Bulunduğu Konumla Yetinmeyerek Zirvedeki Yerimizi Sağlamlaştırmanın Gayretinde Olacağız
Eğitim Bir Sen, inancın, sağduyunun, vicdanın ve medeniyetimizin sesi olma yolunda 22 yıldır sürdürdüğü çalışmaları, yeni dönemin ve gelişen koşulların ışığında kendini her dem yenileyerek ve güçlenerek devam ettiriyor.
Eğitim Bir Sen, medeniyetimizin temel değerlerini göz önünde bulundurarak, yarının tarihine olumlu ve erdemli bir miras bırakmak; tarihe not düşmek ve insanlık birikimine katkıda bulunarak, yarının inşasında aktif rol almak çabası ve gayretindedir. Eğitim-Bir-Sen bir birlikteliktir. Yalnız bu birliktelik sıradan, rastgele, “haydi bugün bir araya gelelim” şeklinde tasarlanmış bir birliktelik değildir.
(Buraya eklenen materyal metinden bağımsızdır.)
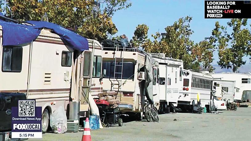 阿爾馬登站(Almaden Station)停車場的露營車。KTVU電視畫面
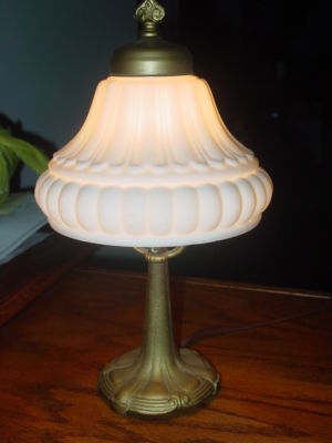 VINTAGE METAL LAMP WITH MILK GLASS SHADE VERY NICE

Mazisi olan, amacı olan, bir gayret etrafında şekillenen bir birlikteliktir. Kuruş değil, duruş birlikteliğidir, değerler birlikteliğidir.
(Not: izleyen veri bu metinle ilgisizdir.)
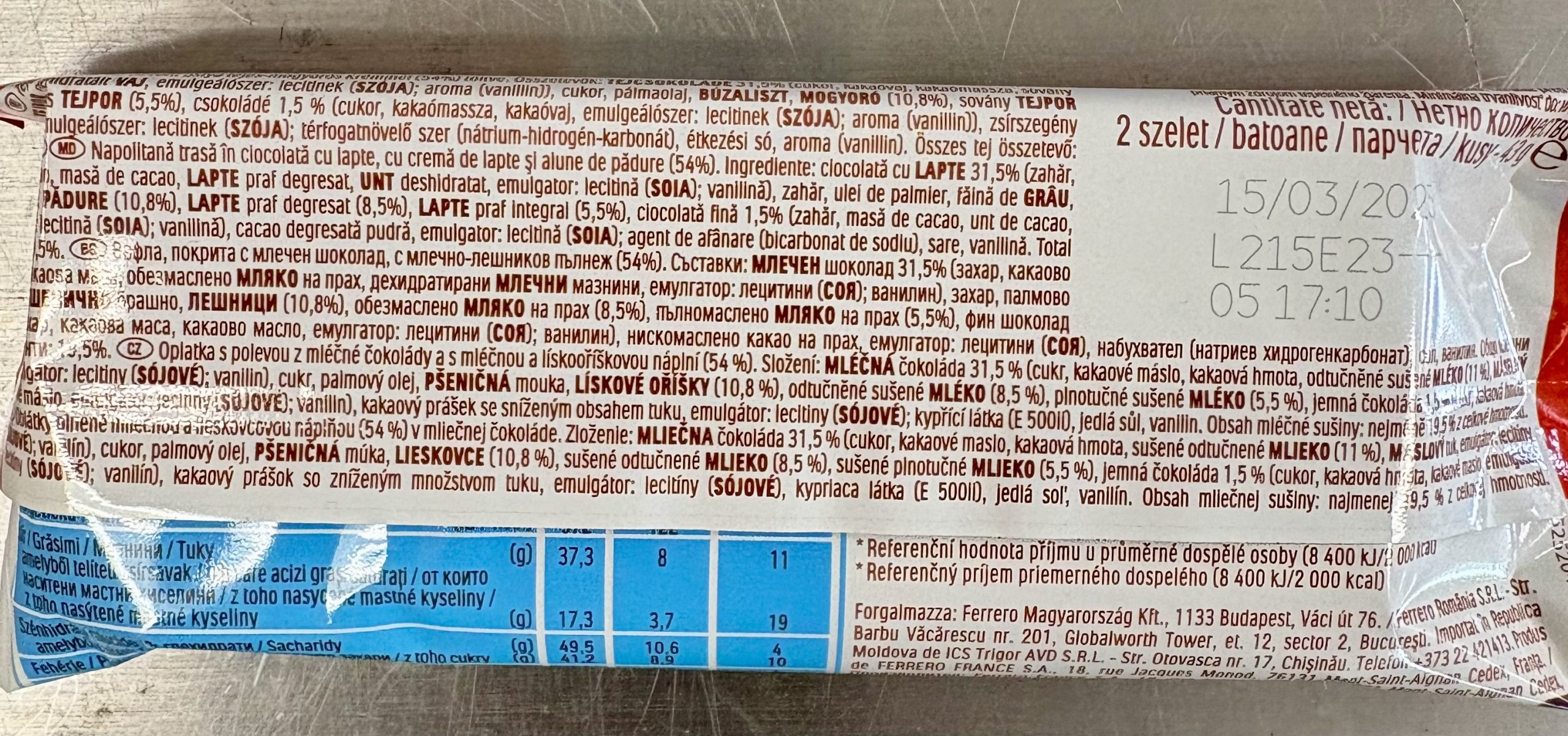MILK CHOCOLATE 31.5% (SUGAR, COCOA BUTTER, COCOA MASS, SKIMMED MILK POWDER, CONCENTRATED BUTTER, EMULSIFIER: LECITHINS (SOYA), VANILLIN), SUGAR, PALM OIL, WHEAT FLOUR, HAZELNUTS (10.5%), SKIMMED MILK POWDER, MILK POWDER, CHOCOLATE (SUGAR, COCOA MASS, COCOA BUTTER, EMULSIFIER: LECITHINS (SOYA), VANILLIN), FAT-REDUCED COCOA, EMULSIFIER: LECITHINS (SOYA), RAISING AGENTS (SODIUM BICARBONATE, AMMONIUM BICARBONATE), SALT, VANILLIN.

Bürokratik oligarşinin toplum mühendisliği ve jakoben yaklaşımı yerine millet iradesinin hakim olduğu özgürlükçü anlayışıbenimseyen, bu konuda belirlediği yol haritasıdoğrultusunda sahaya çıkan Eğitim-Bir-Sen teşkilatı, bulunduğu konumla yetinmeyerek zirvedeki yerini sağlamlaştırmanın, mazlumun ve mağdurun sesi olmanın mücadelesini, çalışmalarına ara vermeden sürdürmektedir.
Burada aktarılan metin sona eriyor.